**GIVEN RECORDS:**
**********

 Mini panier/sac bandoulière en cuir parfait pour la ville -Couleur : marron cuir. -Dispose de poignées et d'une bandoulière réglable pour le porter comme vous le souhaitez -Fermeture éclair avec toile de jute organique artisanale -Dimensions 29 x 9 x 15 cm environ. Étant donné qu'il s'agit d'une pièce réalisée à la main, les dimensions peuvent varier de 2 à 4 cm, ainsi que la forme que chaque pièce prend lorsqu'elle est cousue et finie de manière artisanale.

**********

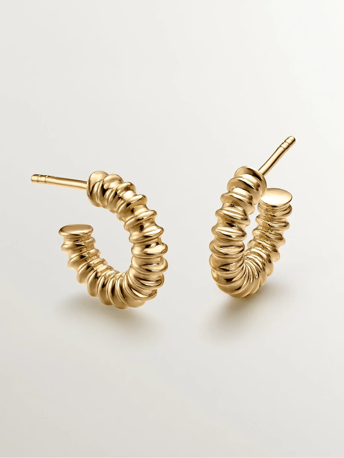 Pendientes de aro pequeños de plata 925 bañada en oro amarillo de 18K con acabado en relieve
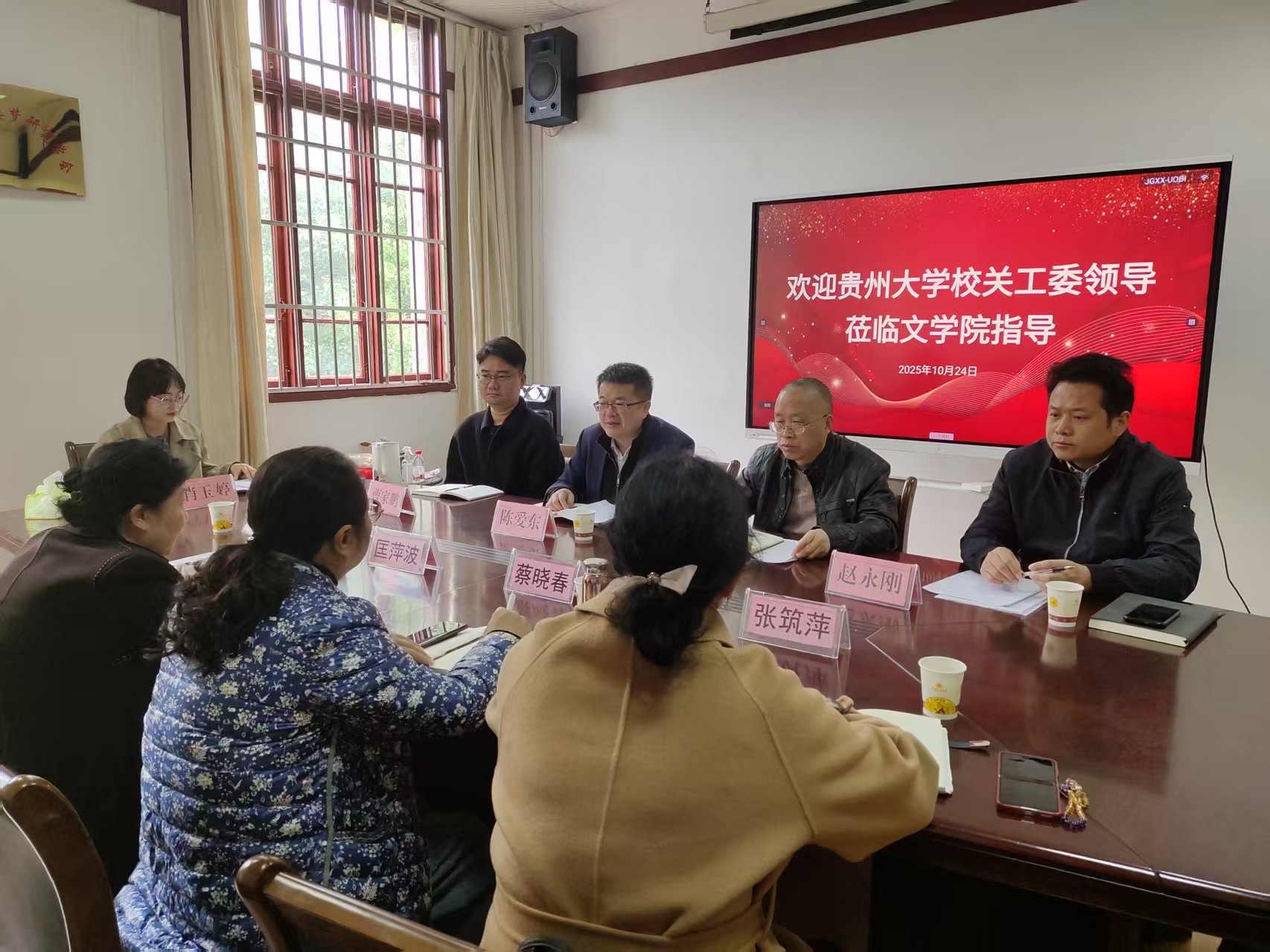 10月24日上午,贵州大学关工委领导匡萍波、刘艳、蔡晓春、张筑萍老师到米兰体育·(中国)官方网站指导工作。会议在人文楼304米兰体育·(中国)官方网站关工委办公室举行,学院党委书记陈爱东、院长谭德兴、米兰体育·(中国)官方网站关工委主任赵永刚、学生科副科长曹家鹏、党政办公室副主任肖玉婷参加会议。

**********

**EXERCISE REQUIREMENTS:**
Reproduce exactly the lines above starting at the line containing "Pendientes de aro" and ending at the line containing "10月24日上午,贵州大学关", including both, but not the pictures.

**REPLY:**
 Pendientes de aro pequeños de plata 925 bañada en oro amarillo de 18K con acabado en relieve
 10月24日上午,贵州大学关工委领导匡萍波、刘艳、蔡晓春、张筑萍老师到米兰体育·(中国)官方网站指导工作。会议在人文楼304米兰体育·(中国)官方网站关工委办公室举行,学院党委书记陈爱东、院长谭德兴、米兰体育·(中国)官方网站关工委主任赵永刚、学生科副科长曹家鹏、党政办公室副主任肖玉婷参加会议。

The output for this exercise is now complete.